Jeb has enough different ideas and his own opinion to be Teflon against pinning the sins of his father and brother to his own record.
http://www.washingtonpost.com/blogs/right-turn/post/jeb-bush-a-different-kind-of-republican/2012/08/30/6a450822-f2b4-11e1-adc6-87dfa8eff430_blog.html
Former Florida governor Jeb Bush isn’t running for something. That might have allowed him a degree of candor that current officials and candidates don’t enjoy. But in a breakfast this morning in Tampa with journalists from The Post and Bloomberg News, he also showed that, in many ways, he stands head and shoulders — and quite apart — from fellow Republicans.
Bush is known, as his brother was, for his devotion to resolving the illegal immigration problem and making the GOP a more inclusive party. Asked about the party’s gap with the Democrats among Hispanic voters, he said, “I think the gap can narrow, and I think it will narrow, as people get to know Mitt Romney. I’m always amazed at how, for normal people, how little they know about our candidates until like a night like tonight or the debates.”
In part, the GOP’s path to Hispanic voters runs through issues unrelated to immigration. As Bush said, Immigration “is down the list [of issues Hispanic voters care about] — about the same place it is for everybody else, maybe a little bit higher, but significantly lower than the economy, jobs, education, deficit, debt, health care. Those are the issues that American voters say are the most important ones. But it’s a gateway issue, because it’s an issue that allows you — if you have shown some sensitivity — it allows you to be heard.”.

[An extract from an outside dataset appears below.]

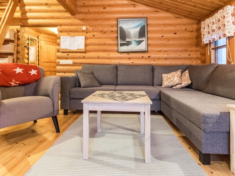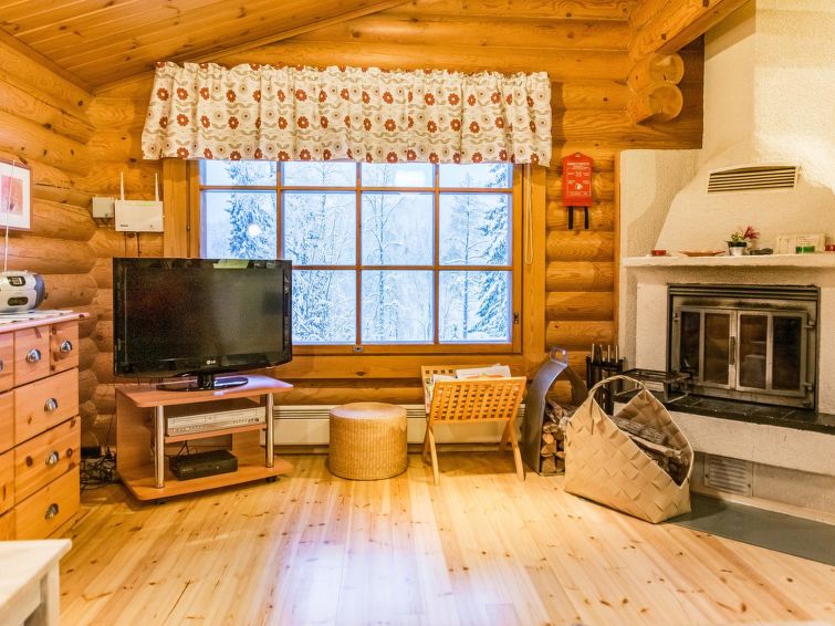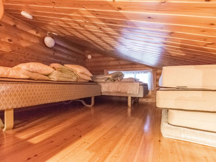 Bedroom with a double bed, living room with a sofa bed and kitchenette; sauna with adjoining dressing room, WC, attic with 3 mattresses. Cosy semi-detached house located at the lake shore, within close vicinity of the ski lifts. Ski tracks and slopes very near. Sharing the beach with the neighbours. Boat includes in price.

For Bush, the equation is simple. He was candid that his view is not the mainstream position within the Republican Party. Asked about his support for the Dream Act, Bush answered: “I think to use the power of the presidency effectively, you don’t have to use it for cynical reasons, and you don’t have to use it beyond what your power — what the Constitution allows. But having a solution to the fact that we have all of these young people, many of whom are making great contributions, don’t have a connection to their parents’ former country — yeah, of course I’m for it. You know, but then again, I’m — you know, I’m not running for anything and I can speak my mind.”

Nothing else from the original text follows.